= YOUR ASSIGNMENT =
Copy, exactly as written, the lines that begin at the one containing "Eine intensive Illustration" and end at the one containing "Selection of 60". Skip any pictures in the data below.

= TASK DATA =
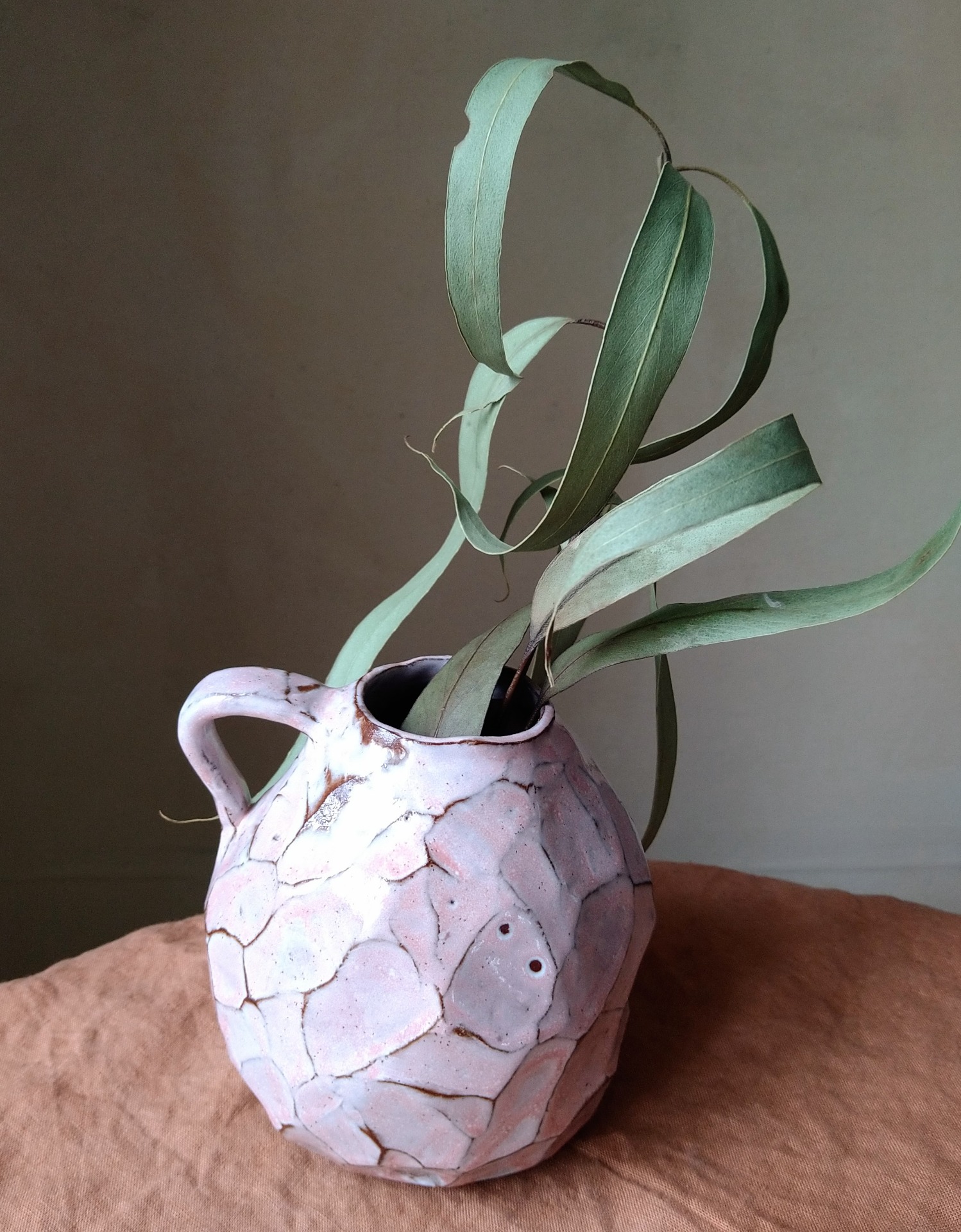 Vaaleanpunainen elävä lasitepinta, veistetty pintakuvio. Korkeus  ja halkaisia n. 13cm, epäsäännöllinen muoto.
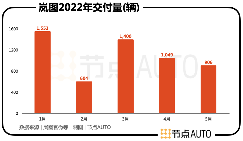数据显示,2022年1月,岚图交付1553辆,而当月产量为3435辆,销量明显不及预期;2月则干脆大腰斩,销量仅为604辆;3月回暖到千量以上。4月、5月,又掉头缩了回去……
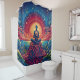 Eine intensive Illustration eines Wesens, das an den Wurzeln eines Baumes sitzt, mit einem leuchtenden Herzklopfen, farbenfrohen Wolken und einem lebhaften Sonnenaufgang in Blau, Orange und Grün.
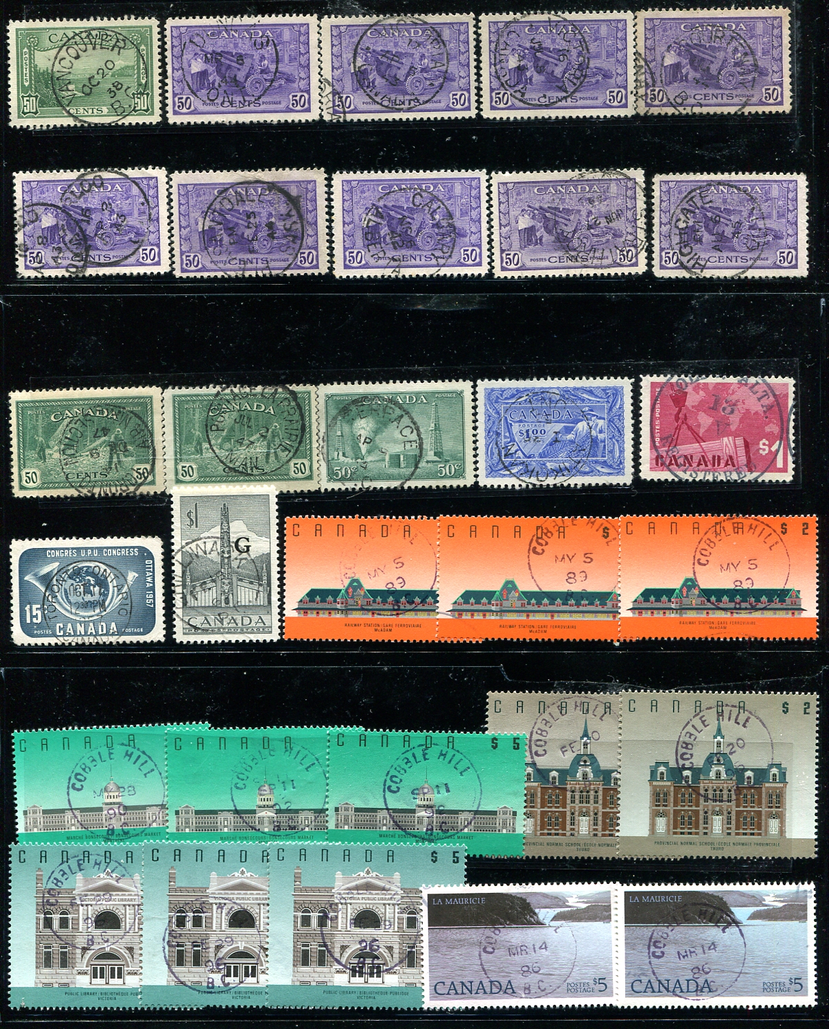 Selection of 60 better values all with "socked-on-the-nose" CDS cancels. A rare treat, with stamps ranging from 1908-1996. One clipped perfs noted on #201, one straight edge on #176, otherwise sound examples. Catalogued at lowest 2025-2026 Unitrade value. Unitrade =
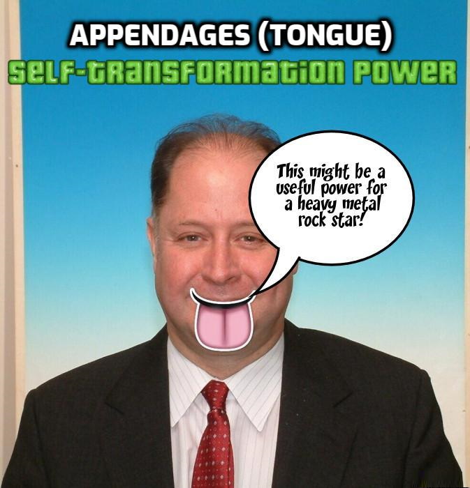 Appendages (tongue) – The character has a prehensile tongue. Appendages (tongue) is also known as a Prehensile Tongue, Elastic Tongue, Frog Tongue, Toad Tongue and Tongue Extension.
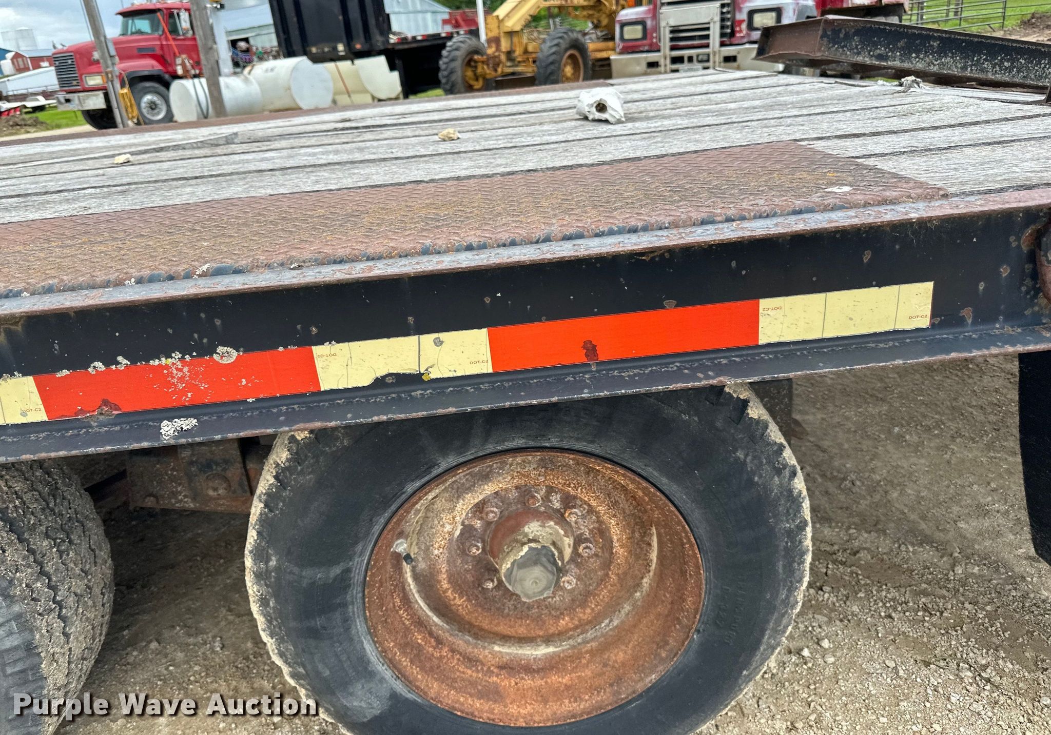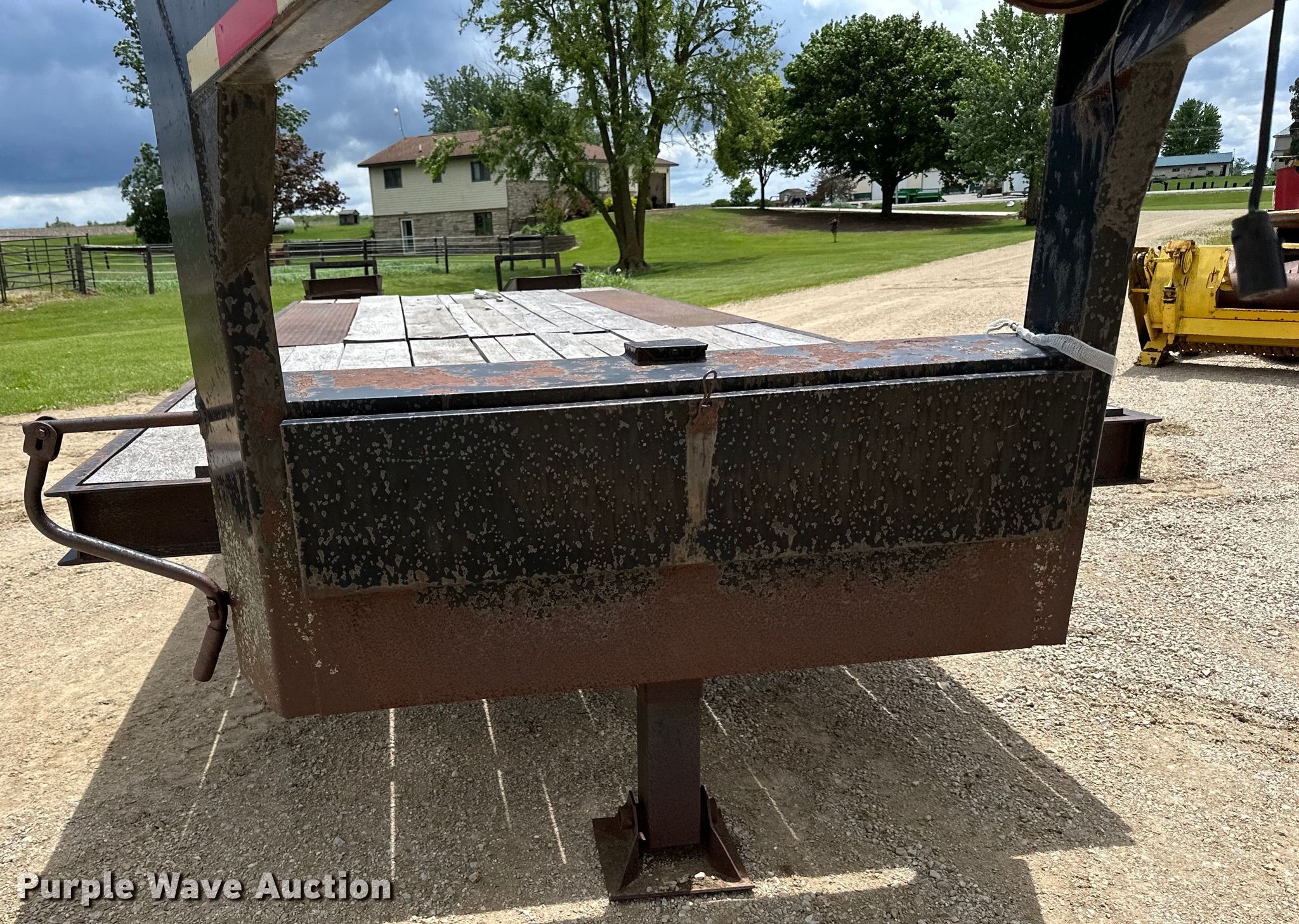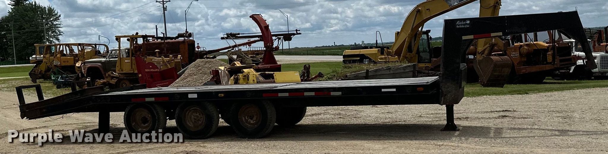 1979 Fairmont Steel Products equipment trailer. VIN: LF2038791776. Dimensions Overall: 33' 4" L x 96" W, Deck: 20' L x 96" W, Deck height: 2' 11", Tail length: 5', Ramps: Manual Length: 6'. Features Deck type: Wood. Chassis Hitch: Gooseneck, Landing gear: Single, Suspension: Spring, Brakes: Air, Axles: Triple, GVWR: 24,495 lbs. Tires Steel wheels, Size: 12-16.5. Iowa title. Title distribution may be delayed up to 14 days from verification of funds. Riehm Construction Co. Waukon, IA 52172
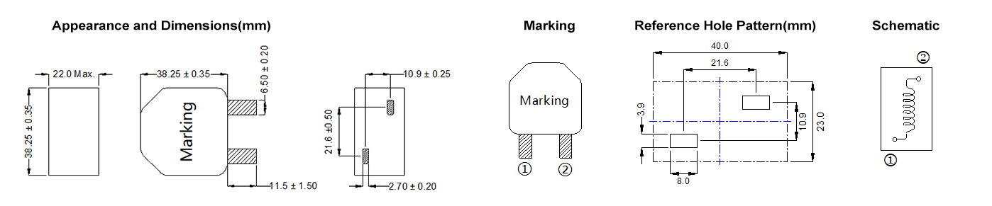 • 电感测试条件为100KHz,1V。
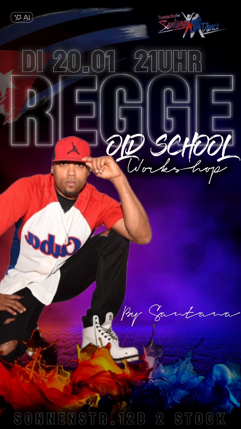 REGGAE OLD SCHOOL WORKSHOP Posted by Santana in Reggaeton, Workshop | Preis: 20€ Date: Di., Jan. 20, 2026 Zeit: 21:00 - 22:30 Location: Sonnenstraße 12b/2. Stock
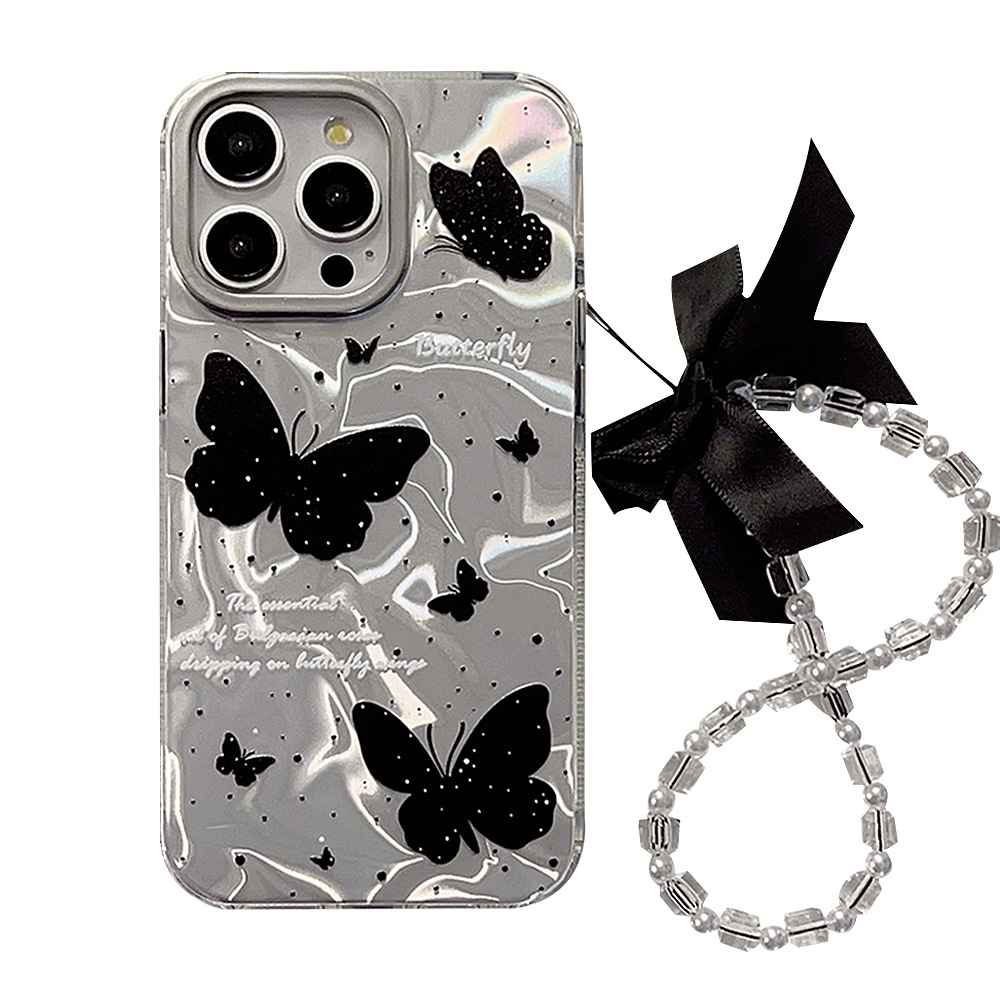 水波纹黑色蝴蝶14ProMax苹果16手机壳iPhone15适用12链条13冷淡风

= FINISHED EXERCISE =
 Eine intensive Illustration eines Wesens, das an den Wurzeln eines Baumes sitzt, mit einem leuchtenden Herzklopfen, farbenfrohen Wolken und einem lebhaften Sonnenaufgang in Blau, Orange und Grün.
 Selection of 60 better values all with "socked-on-the-nose" CDS cancels. A rare treat, with stamps ranging from 1908-1996. One clipped perfs noted on #201, one straight edge on #176, otherwise sound examples. Catalogued at lowest 2025-2026 Unitrade value. Unitrade =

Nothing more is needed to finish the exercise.